MASSA (Massa Carrara) – Piccolo, Zeus: ha trovato il calore delle carezze solo in punto di morte, tra le braccia dei volontari Lndc che dopo il sequestro lo avevano in affidamento. Povero, Zeus: Breton accudito solo finché è stato bravo a caccia, dopodiché il suo umano lo ha abbandonato a se stesso, condannato a morire di stenti, mangiato vivo dalle zecche, nido incolpevole di parassiti di ogni genere, malato di filaria, senza niente; solo i suoi 10 anni di età e i suoi patimenti da sgranare nella mente come un rosario.
Caro, Zeus. Ha avuto giustizia. Si è chiuso infatti con una condanna a 6 mesi di carcere il processo a carico del suo proprietario dopo che Lega Nazionale per la Difesa del Cane aveva denunciato il fatto e portato avanti questa battaglia ribadendo senza sosta che nessuno può infliggere gratuite sofferenze né togliere la vita ad un animale.
“Il giudice – commenta l’avvocato Michele Pezone, Responsabile Diritti Animali LNDC – ha applicato l’articolo 544 bis del codice penale poiché la condotta dell’ex cacciatore ha fatto mancare le cure e l’assistenza necessarie per la sopravvivenza del cane.

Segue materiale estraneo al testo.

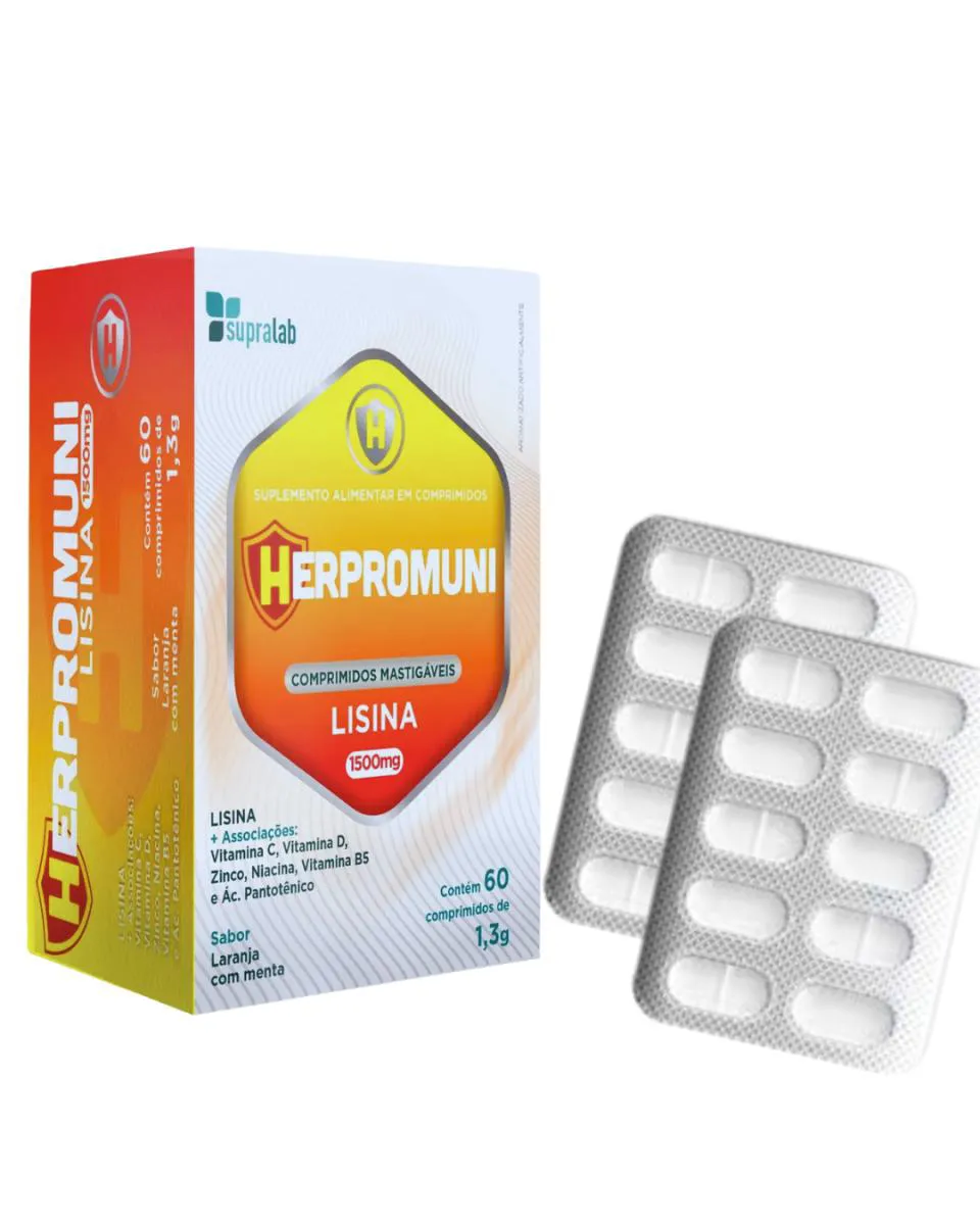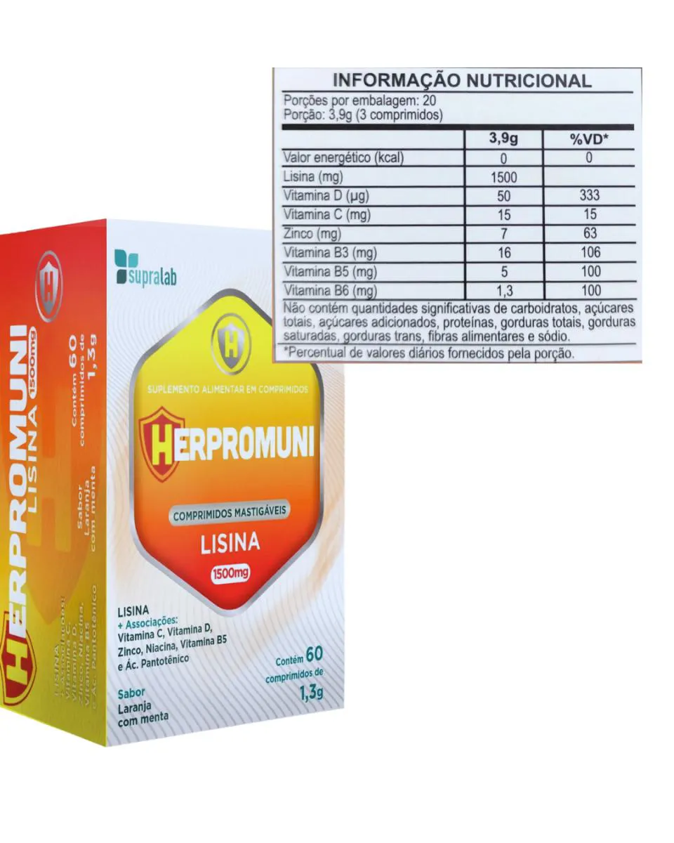 L-Lisina 1500mg + Vitaminas C, D, B5 e Zinco – No Herps60 Comprimidos mastigáveisSabor laranja com mentaIngredientes: Lisina, bisglicinato de zinco, niacina, vitamina c, vitamina B5, vitamina B6, vitamina D3.Recomendação de uso: Ingerir 3 comprimidos ao dia.Fortaleça sua imunidade e mantenha seu corpo protegido com uma fórmula completa! Este suplemento combina 1500mg de L-Lisina, um aminoácido essencial conhecido por ajudar no controle natural da herpes labial e genital, com vitaminas e minerais que potencializam a defesa do organismo:L-Lisina – Auxilia na prevenção e controle de surtos de herpes, além de promover a recuperação muscular e a saúde da pele.

L’animale – spiega il legale che si è costituito parte civile per l’Associazione – divorato dai parassiti, dalle zecche, malato di filaria, è morto almeno con dignità, tra le braccia dei volontari LNDC, che lo avevano avuto in affidamento dopo il sequestro da parte dell’autorità giudiziaria. Ora attendiamo di leggere le motivazioni della sentenza, che si preannuncia molto interessante e innovativa”.
Amaramente soddisfatto per la vicenda processuale è il Presidente della LNDC di Apuania, Roberto Guelfi: “Zeus ha vissuto, così è emerso nel corso del dibattimento dalle deposizioni dei testimoni, in un recinto fatiscente, una gabbia per uccelli, legato alla catena, esposto alle intemperie. Non curato mentre quello stato di abbandono lo stava mortalmente colpendo nel corpo e nella mente, veniva preso da una vicina di casa e portato in clinica, ma le sue condizioni erano così gravi da non lasciare spazio alla speranza. Spirava cinque giorni dopo con dignità, a 10 anni, onorando il suo nome coraggioso ma reso negletto dal suo destino, tra le braccia amorevoli dei nostri volontari. La sentenza apre la strada ad una giurisprudenza attenta ai diritti degli animali, che punisce col carcere chi abbandona fino alla morte il proprio fedele compagno”.